Ride quality & brakes 5 out of 5

We (the girlfriend and I) did an 800km two-day tour in Northern Spain through hills, mountains, back roads and motorways. Flawless performance and extremely comfortable. Feels like a larger touring bike even with two bags on board spending 5 hours a day riding. City riding is good at great visibility with a high seat.

Engine 5 out of 5

Great highway performance and passing power with passenger and bags uphill.

Reliability & build quality 4 out of 5
Value vs rivals 4 out of 5

Great Mileage for a 400cc.

Equipment 5 out of 5

Adjustable handlebars and adjustable windshield made a huge difference.

Buying experience: Good.

4 out of 5 A strong contender in the scooter market, but build quality is potentially an issue
01 October 2018 by Peter Connell

Year: 2018

Rides well, strong engine, good storage, decent weather protection, and big enough for two up riding. Downsides are Yamaha's build quality, which is not the best, and the dealer support which could be better. Dual rear shocks are fiddly to adjust and old fashioned when compared to other manufacturers who have moved to a mono shock on their new models.

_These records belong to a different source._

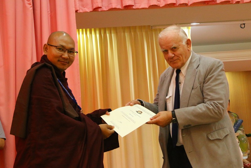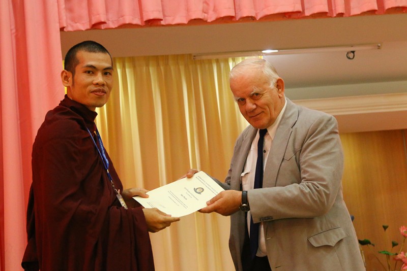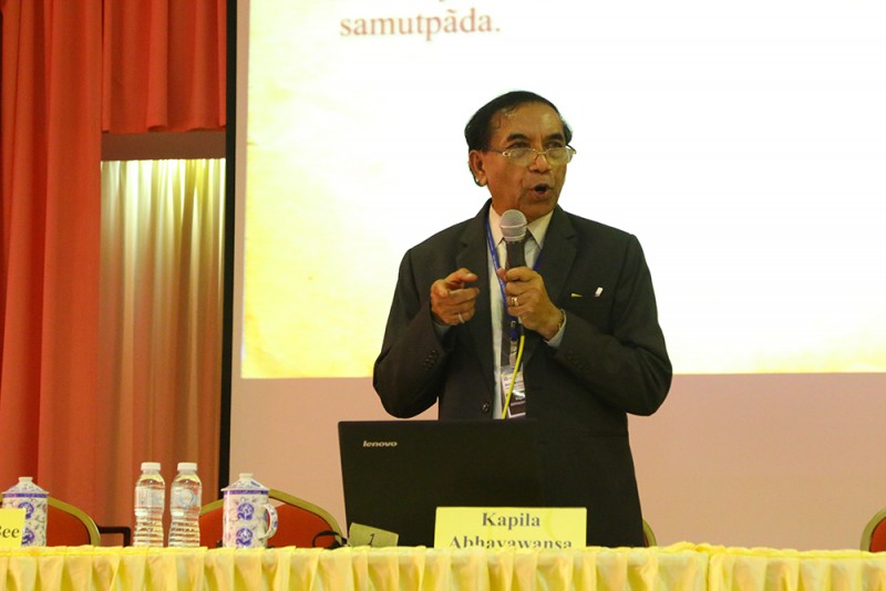 他说,无始以来,无常皆与我们相伴,但不仅在历史上,我们依然认识一些优秀的学者。他们教导我们如何看待事件、经验、包括了我们本身。“今天,我们在这里看到许多有才华的年轻学者。尽管知识追求是无常的,但他们给予我们信心,痛苦也可以被视为相对的。无论如何,阿毗达摩教导我们可以通过积累智力和道德品质来启发我们通往阿罗汉道路的研究。这是一条通向洞察途径的预备途径的开始。其他的预备运作是关于身体的不净和对对呼吸保持正念专注的静坐。然后跟随洞察途径,开始洞察苦谛的第一个方面。”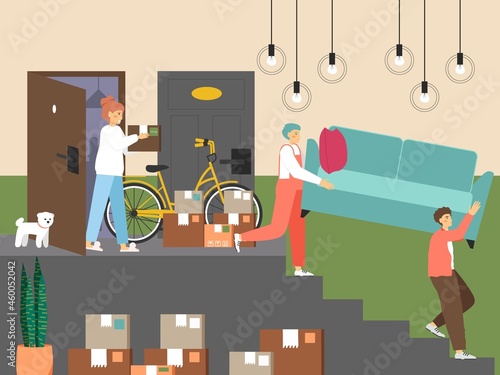 Starší lidé v pečovatelském domě, komunita asistovaného bydlení, ilustrace plochého vektoru. Starší dospělí pletení, kreslení obrázku, chůze s pečovatelem. Péče. Zdravý aktivní životní styl pro seniory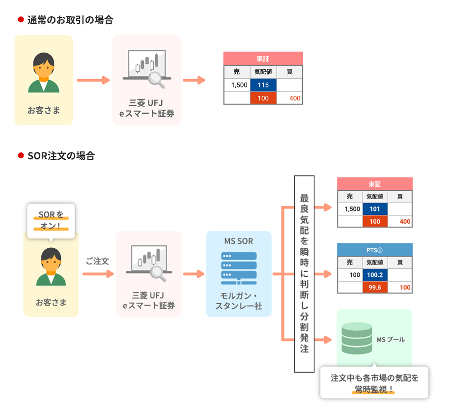 SOR(Smart Order Routing=スマート・オーダー・ルーティング)とは、複数の市場(取引所やPTSなど)の気配と出来高を比較し、より有利な価格(買い注文の際にはより安く、売り注文の際にはより高く)で約定できるよう自動で発注先を選ぶ仕組みです。 活用することで、価格改善効果が期待できるほか、発注スピードの向上、約定確率が上がる可能性があるなどのメリットがあります。設定は2ステップでかんたんに一括設定が可能です。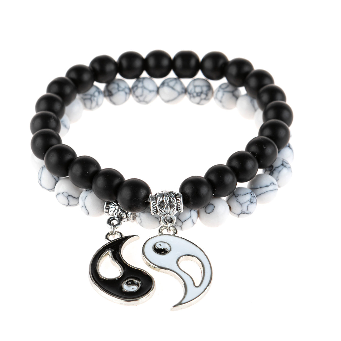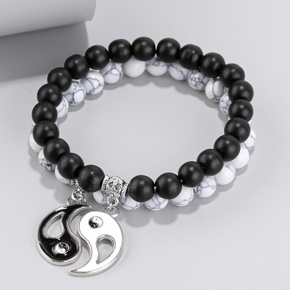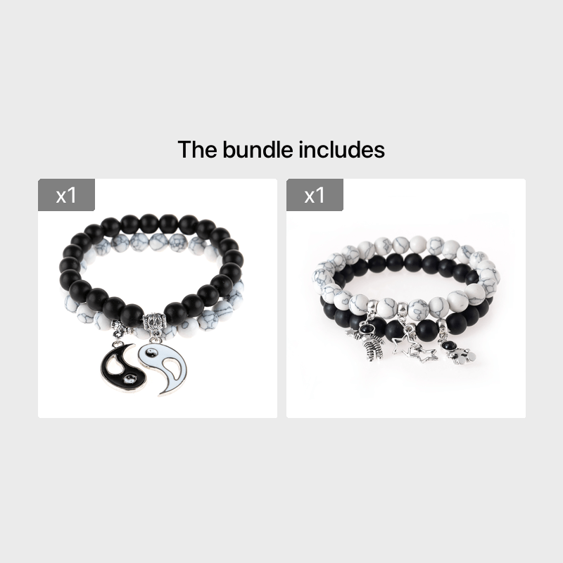 This couple bracelet set features yin yang beaded design with star and astronaut charms. Perfect for matching couples.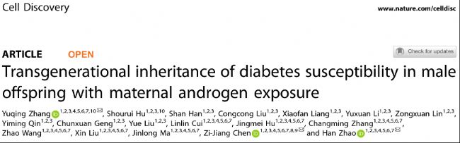 Zhang Y, Hu S, Han S, Liu C, Liang X, Li Y, Lin Z, Qin Y, Geng C, Liu Y, Cui L, Hu J, Zhang C, Wang Z, Liu X, Ma J, Chen ZJ, Zhao H. Transgenerational inheritance of diabetes susceptibility in male offspring with maternal androgen exposure. Cell Discov. 2025 Feb 12;11(1):14. pii: 10.1038/s41421-025-00769-1. doi: 10.1038/s41421-025-00769-1.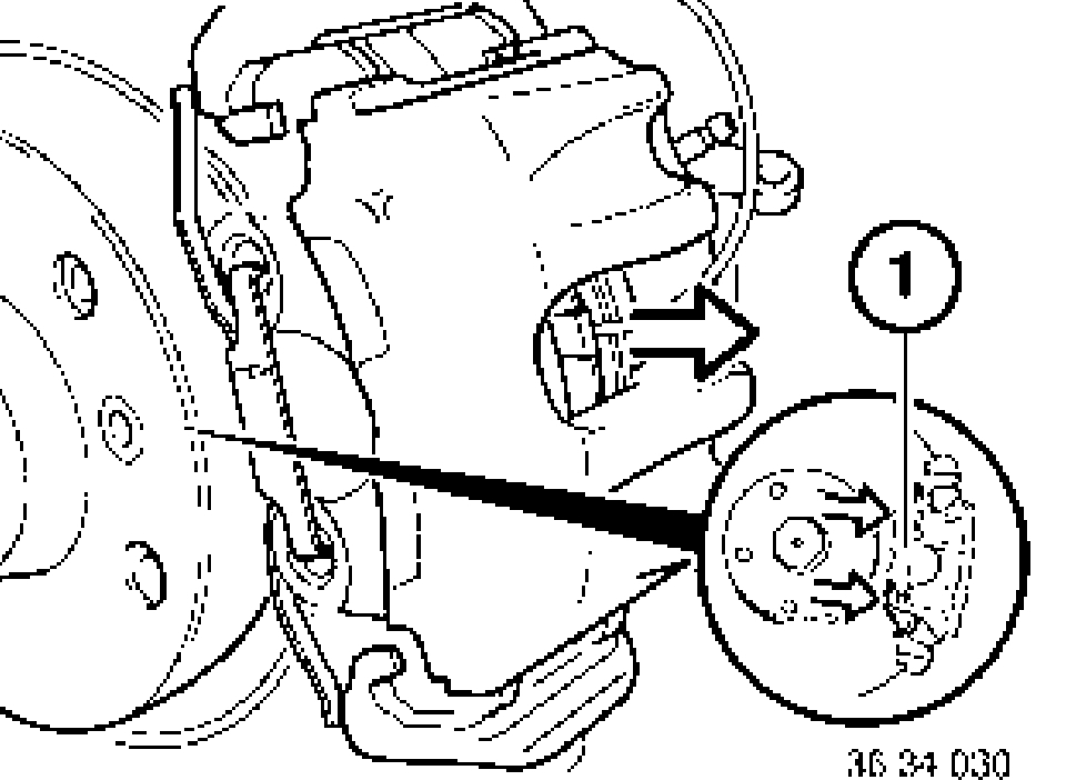 When turning back the piston, watch the brake-fluid level in the expansion tank, as overflowing brake fluid will destroy the paintwork.
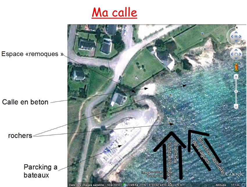 je vois ecplique je suis sur une calle en beton bien utilisée il y as des reochers a droite et a gauche (de plus les vagues poussent avec pas mal de force mon V a droite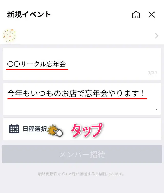 一方、「LINEスケジュール」はグループを事前に作成する必要はありません。先にイベントと候補日を作成して、そこにメンバーを招待します。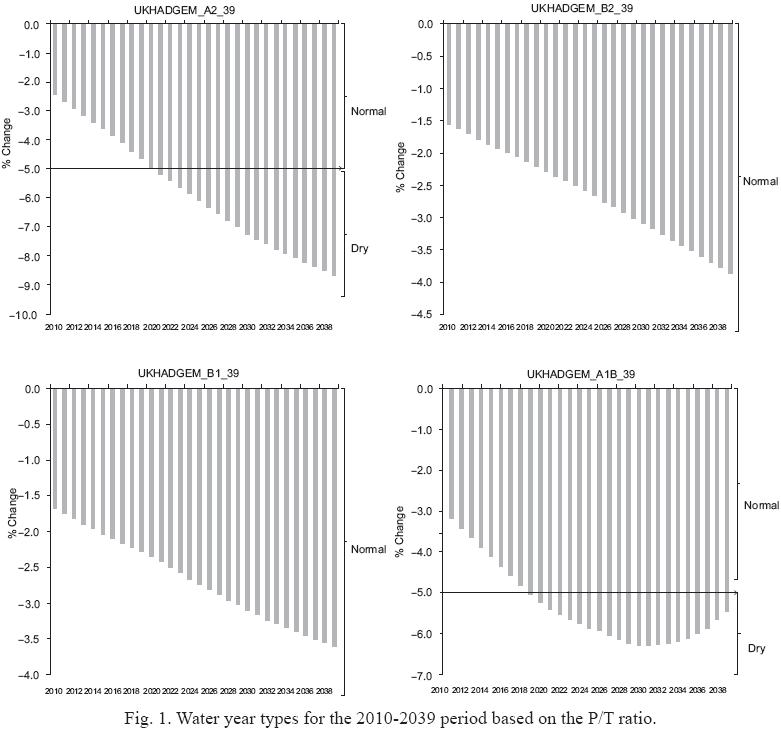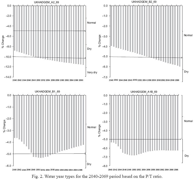 As for the types of water years estimated by means of the P/T relationship, the analysis found that none of the cases presents changes that favor the water supply; on the contrary, there is a definite tendency towards decrease in the supply. Figure 1 shows that, although the B2 and B1 scenarios would be the only ones to fall within the normal range, over time they would get closer to states of ever increasing dryness. The A2 and A1B scenarios would stay within the average range until approximately 2020, but then they would start getting dry –a condition that would be more intense for the 2040–2069 period, as shown in Figure 2.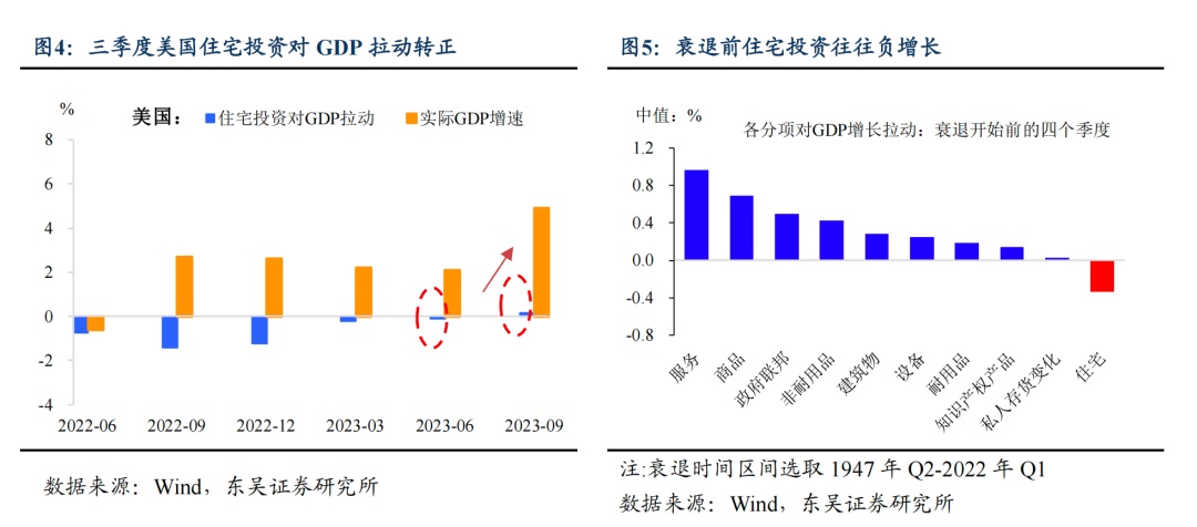 从内生的角度来看,“紧货币”并没有对利率最敏感的地产产生影响。2023年三季度美国住宅投资的转正便可以作为一大力证。三季度房地产的正增长意味着地产并没有受到525bp加息的冲击(图4)。而地产投资作为预测危机的有效指标,往往是美国经济衰退的最佳预警信号(图5)。因为历次衰退前,地产投资往往率先负增长。由此从当前来看,美国经济增长韧性延续到四季度基本没有问题。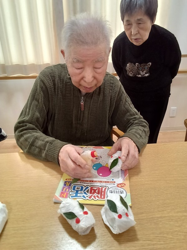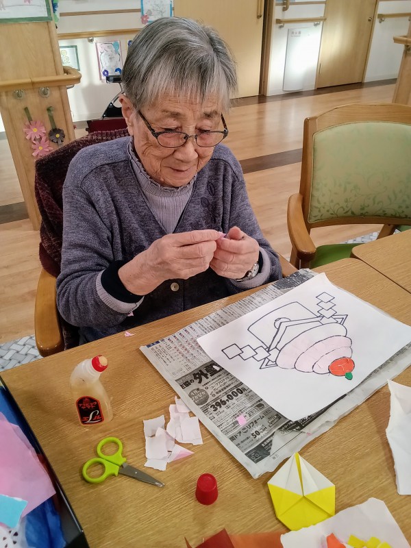 私は貼り絵で鏡餅を作成中(^o^)v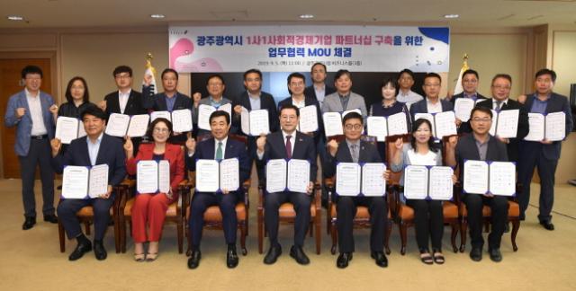±¤Áֽô 5ÀÏ ½Ãû ºñÁî´Ï½º·ë¿¡¼ ±¤ÁÖ½ÃÁö¼Ó°¡´É¹ßÀüÇùÀÇȸ, Áö¿ª±â¾÷ 15°÷, »çȸÀû°æÁ¦±â¾÷ ÇùÀÇȸ 4°÷, »çȸÀû°æÁ¦ Áß°£Áö¿ø±â°ü 2°÷°ú Áö¼Ó°¡´É°æ¿µ »ýŰè Á¶¼º°ú »çȸÀû°æÁ¦ Ȱ¼ºÈ¸¦ À§ÇÑ ¡®1»ç(Þä) 1»çȸÀû°æÁ¦±â¾÷ ÆÄÆ®³Ê½Ê ±¸ÃàÀ» À§ÇÑ ¾÷¹«Çù¾à¡¯À» ü°áÇß´Ù.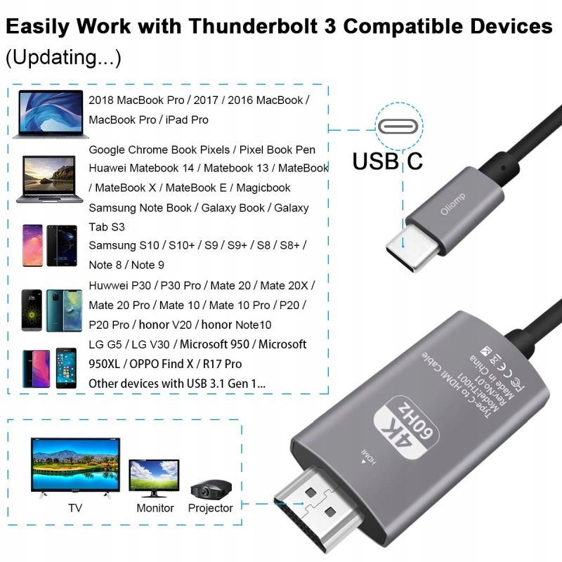Кабель работает с такими устройствами, как: Samsung S8, S8+, S9, S9+, S10, S10+, Note 8. , Примечание 9; LG G5, G6, В20, В30; HTC 10, HTC Ультра; Lumia 950, 950XL, Huawei P10, P20, P20 Pro, P30, P30 Pro, Mate 10, Mate 10 Pro, Mate 20, Mate 20X, Mate 20 Pro; OnePlus 3 и 5. Macbook Pro 2016, Macbook Pro 2017, HP Spectre, HP Pavilion, Huawei Matebook, ChromeBook Pixel, Dell XPS 13, XPS 15, Lenovo Yoga 5 Pro и другие модели, совместимые с разъемом USB-C и поддержкой DP.< /п>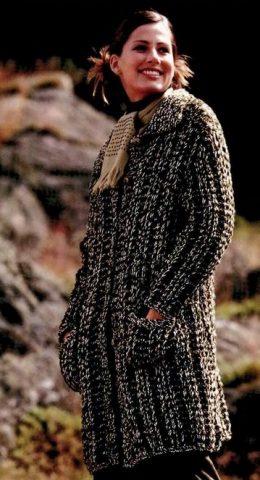 Плотность вязания, вертикальный рельефный узор: 13 п. и 22 р. = 10 х 10 см.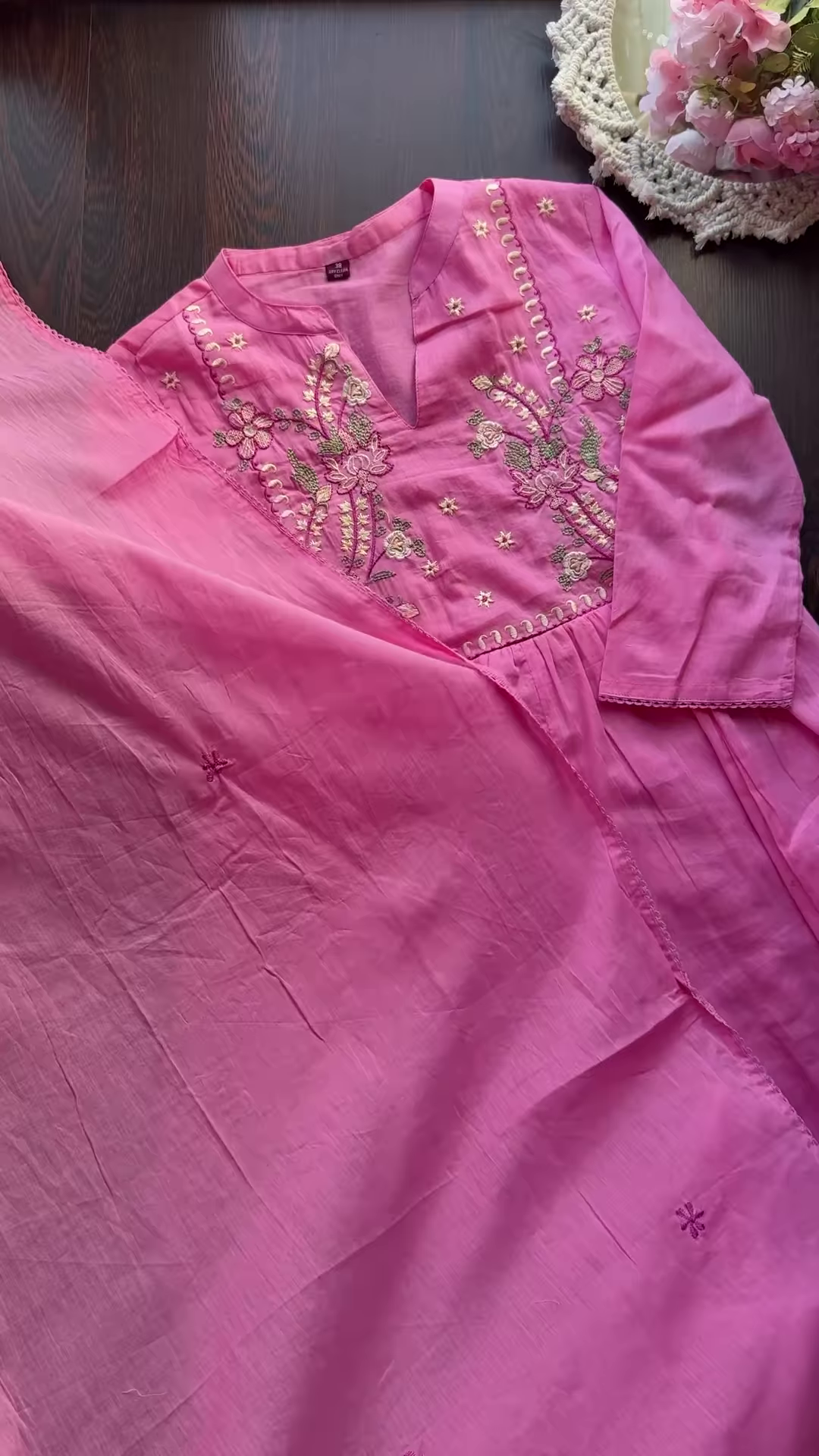 The soft pink kurta features embroidery in contrasting or complementary pastel shades, such as lighter pinks, whites, and subtle greens. The floral motifs might include stylized blossoms, delicate leaves, and winding vines, creating a feminine and charming look. The embroidery is likely concentrated around the neckline and yoke, adding a focal point of intricate detail.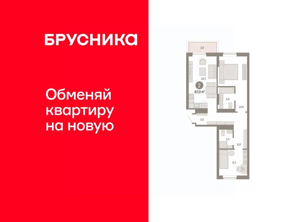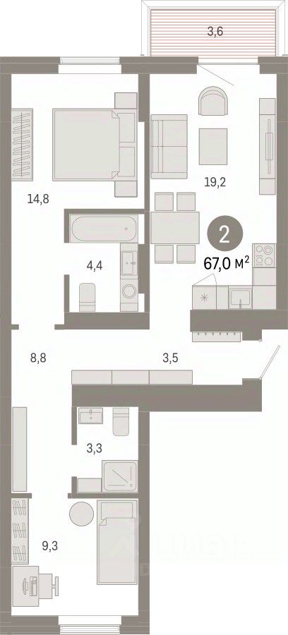 2-комн. квартира с предчистовой отделкой в Кварталы Драверта на 2 этаже. Общая площадь: 66.98 кв.м., жилая: 24.1 кв.м., площадь просторной кухни-гостиной: 19.2 кв.м. Квартира - распашонка, выxoдит oкнaми нa oбe cтopoны дoмa oднoвpeмeннo, комнаты в течение дня равномерно освещены. В квартире один балкон, два совмещенных санузла. Высота потолков 2.7 м.

Ride quality & brakes 5 out of 5

Strong engine, good brakes, good handling, manoeuvrable, fits rider with added pillion without compromising rider control. Seat is wide but hard, and uncomfortable after one hour.

Engine 5 out of 5

Strong engine. Power delivery is good for overtaking and motorway driving. Throttle response is good making the scooter easy to ride around town.

Reliability & build quality 3 out of 5

Bike failed at point of delivery as ABS unit was faulty and it took two weeks to fix. Issues with rear suspension fixed under warranty.

Value vs rivals 4 out of 5

Only 1,000 mile service at present which is not sufficient to comment on longer term running costs. However, the initial service cost experience indicates that it will not be any cheaper than a standard motorcycle to run.

Equipment 4 out of 5

Bike as standard is adequate, with good under seat storage, but needs the addition of heated grips and the battery charger connector in the non lockable glove box as the battery is behind the windscreen and not easily accessible for charging. Standard windscreen size is fine for people up to 5ft 11. The comfort seat is an option to be considered as standard seat gets uncomfortable after one hour. Optional leg cover is expensive and can only be fitted and removed by a dealer. Top box with backrest is recommended as it adds additional storage that is welcome on a longer trip.

Buying experience: Buying experience at the dealer was good, but the bike was nor properly prepared before collection.